Face it, tennis is a hard sport and it’s a mental sport.

Tennis is going to test your character as a person, but the great thing about that is, you will be able a build a stronger one while playing the sport. The first step in this “fighting spirit development” is to learn how to deal with failure and setbacks, by mentally recovering as soon as you can. You can do this by not taking it personally.
One match doesn’t have to define your career, now does it?
See, by focusing on our failures most of the time, we keep that dark memory etched into our subconscious minds all the time, and this reliving of it again and again is really mental suicide for many junior players, because they are killing their own self-image over and over when you do re-live it.
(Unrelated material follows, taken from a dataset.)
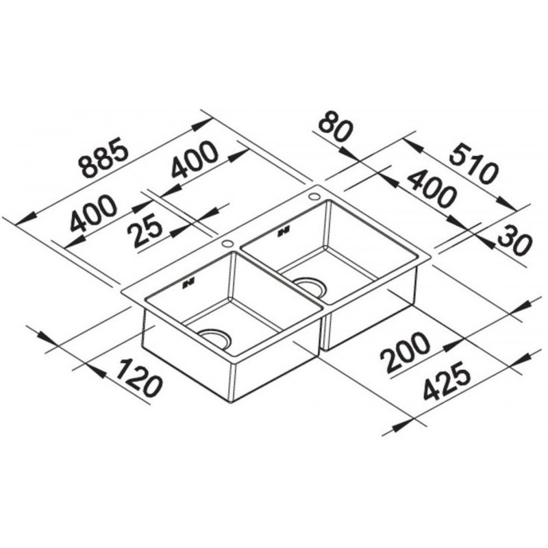 - Maße: B 885 x T 510 mm

Discovering your own fighting spirit is actually fighting for your own self-mastery, meaning you will do anything that you can to stay away from thoughts that will weaken your mental game. Do it for a day first, then go for a week, after a month, you will be feeling stronger. The secret that few tennis players get is that, they really are the ones holding themselves back. Try to be aware of your thoughts daily and ask yourself this key question.
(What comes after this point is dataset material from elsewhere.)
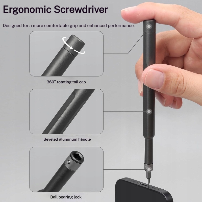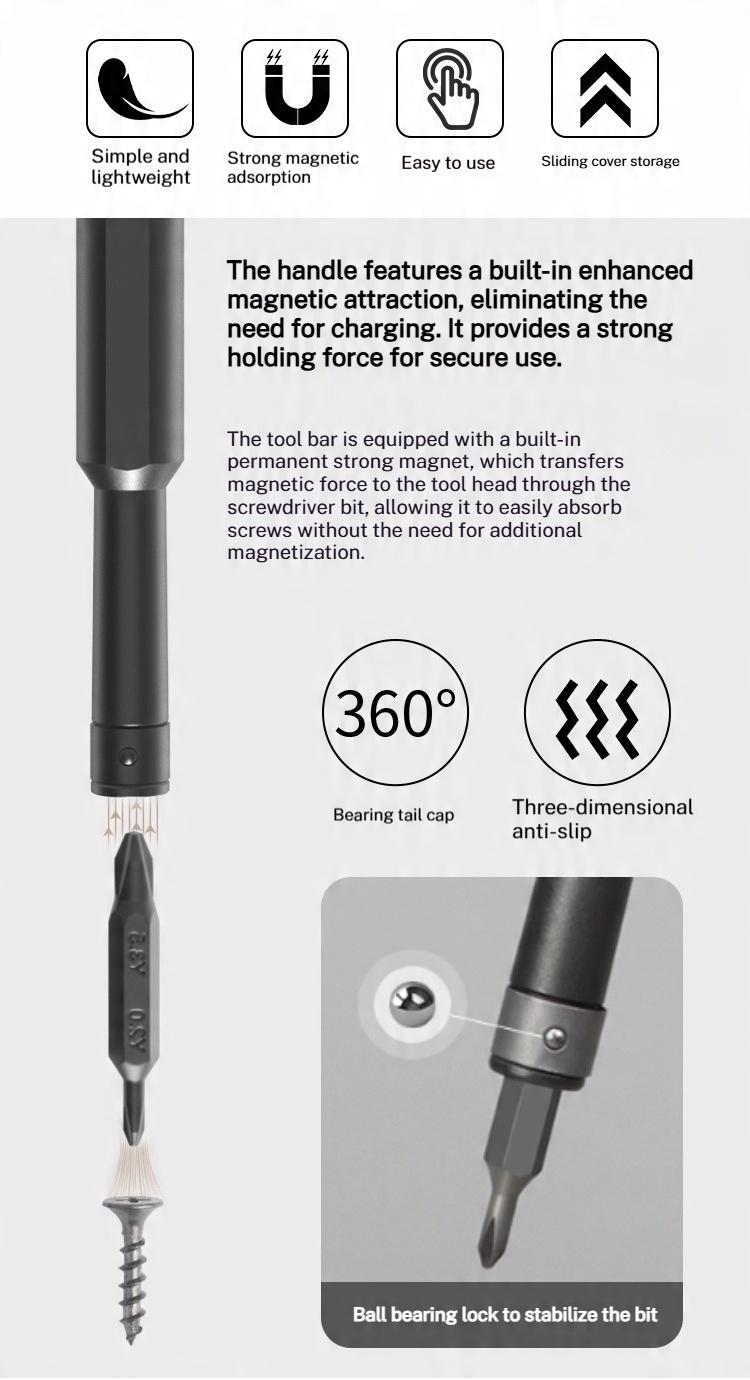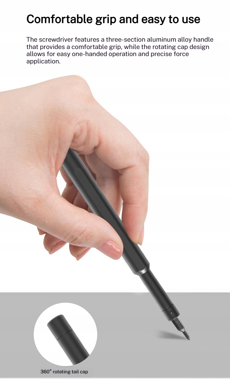 , разработанный для удобства и эффективности, отвертка имеет трехсегментную ручку алюминиевого сплава, обеспечивающая определенную сцепление, а вращающаяся крышка на 360 ° обеспечивает жидкость, одну из них с точным контролем прочности.

“How will thinking this way, affect my energy?”
I’m talking Law of Substitution here. Anytime a negative or failure thought comes into your mind, cast it out, then replace it with a more empowering one!
The next step is to start playing every point with a do or die attitude in practice, players think they can turn this mindset on and off, but they can’t. Practices makes perfect, so start in practice, you can then let it carry over into your match play. This is how the Champions mentally train daily on and off the court.
That’s what separate them, from the rest of the players on tour, they want to be the best and they know a fighting spirit comes from playing at a certain high level all the time and that this is the only way to get there. Finding your inner fighting spirit, is a journey.